En fait c'est le choc thermique qui va vous permettre d'obtenir cette belle bosse. La période de repos au réfrigérateur est donc essentielle, ne la zappez pas! Ensuite tout est question de proportions, et après plusieurs essais, j'ai trouvé les bons dosages. Pour compliquer un peu les choses, j'ai mélangé à parts égales de la farine de froment et de la farine de sarrasin, afin de leur donner un petit gout breton. Malheureusement, le sarrasin n'est pas une céréale et ne contient pas de gluten, ce qui le rend plus difficile à travailler. Les pâtes à base de sarrasin ne lèvent pas comme celles au froment, c'est pour cela qu'il faut toujours les associer dans les gâteaux... Il n'y a que dans les crêpes que l'on peut l'utiliser seul!
Si vous réalisez ces madeleines avec uniquement de la farine de froment, vous obtiendrez un résultat encore plus léger et une bosse plus développée sur le dessus...
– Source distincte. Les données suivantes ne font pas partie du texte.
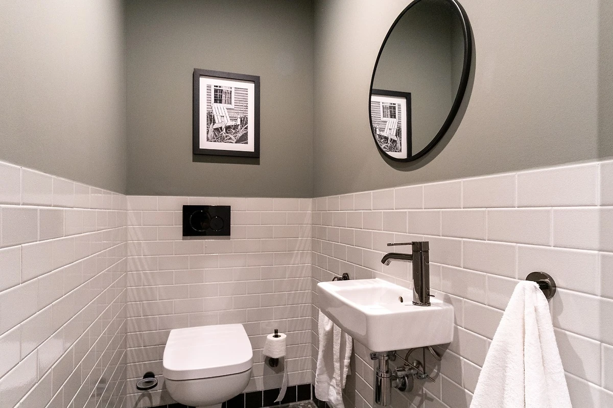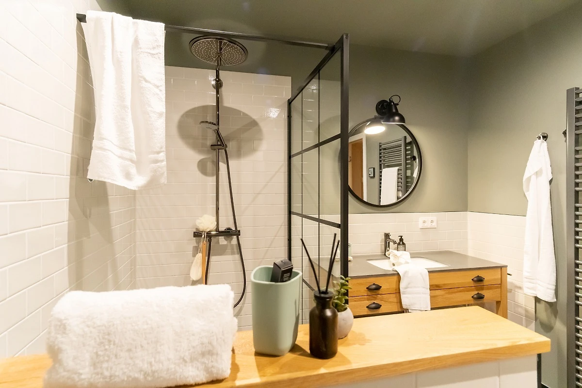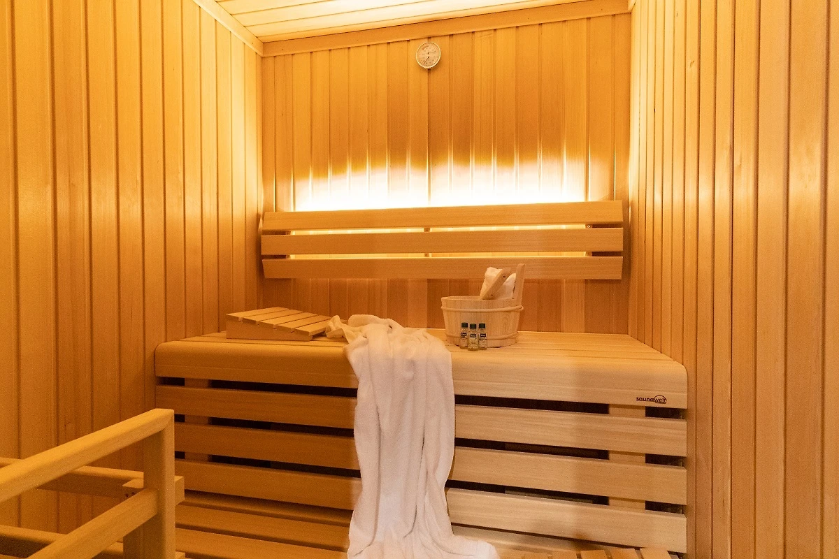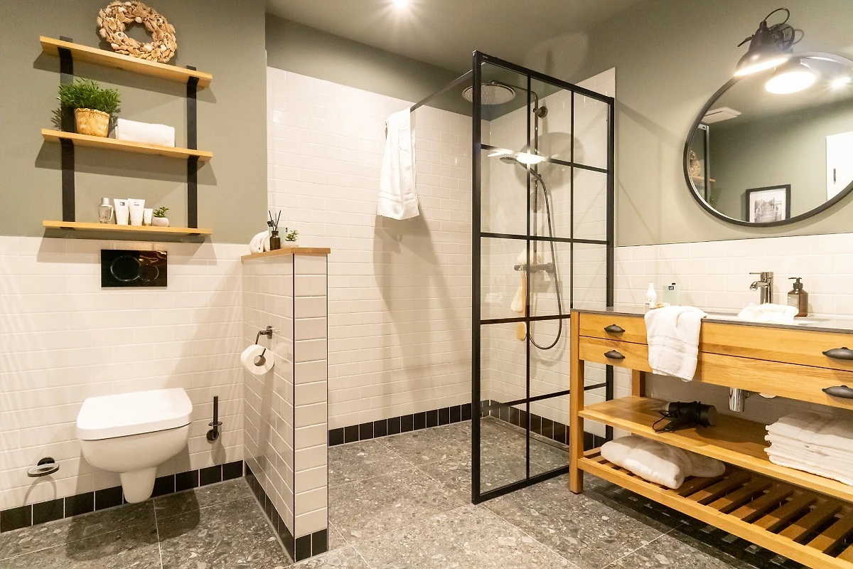 Im Badezimmer gibt es die grosszügig bemessene, ebenerdige Dusche, ein WC und den Waschtisch sowie die, durch eine Glastür getrennte, Sauna. Zusätzlich verfügt die Wohnung noch über ein separates Gäste-WC.

Quelques précisions sur la recette : Vous pouvez aromatiser la pâte comme bon vous semble. Ici j'ai mis un zeste de citron, finement râpé avec ma Microplane. Vous pouvez le remplacer par de l'extrait de vanille, ou une gousse grattée. Une cuillère à soupe de rhum ambré, un mélange spécial pain d'épices, du cacao, du thé vert ou de la pistache feront aussi bien l'affaire... à vous de voir.
Je vous parlais du temps de repos : Je respecte 2 heures au minimum, au réfrigérateur, mais vous pouvez faire la pâte le matin pour le soir, ou même la veille. Ensuite la cuisson est très rapide (à adapter selon la taille de vos empreintes). Je préfère beurrer légèrement mes moules (qui sont pourtant en silicone) au pinceau, cela donne une démoulage parfait et une belle couleur dorée sur le dessous.
Et n'oubliez pas, les madeleines se mangent fraîches, ne traînez pas trop!
Je terminerai ce billet par des remerciements. Malgré ma longue absence l'année dernière, vous êtes encore plus nombreux à me suivre et je vous en remercie. On a même battu des records en décembre avec plus de 140 000 visiteurs! Merci de tout cœur... Je vous souhaite une belle année 2017, gourmande bien sûr, pleine d'échanges et de belles rencontres... et on se revoit très bientôt!




Madeleines au sarrasin

Pour 25 à 30 madeleines :
  -  75 g de farine de froment
  -  75 g de farine de sarrasin
  -  3 œufs
  -  130 g de sucre
  -  125 g de beurre demi-sel + 20 g pour les moules
  -  1/2 sachet de levure chimique
  -  2 c. à soupe de miel liquide
  -  1 zeste de citron

1. Faites fondre le beurre et le miel dans une petite casserole. Laissez tiédir.
2. Dans un saladier, fouettez les œufs avec le sucre. Ajoutez les farines et la levure tamisées ensemble, puis le zeste de citron finement râpé. Incorporez enfin le beurre et le miel. Réservez au moins 2 heures au frais.
3. Beurrez des empreintes à madeleine en silicone, à l'aide d'un pinceau. Préchauffez le four à 210°C (thermostat 7).
4. Versez une cuillère de pâte dans chaque alvéole. Enfournez et faites cuire 7 à 10 minutes, selon la taille des madeleines. Laissez tiédir puis démoulez sur une grille.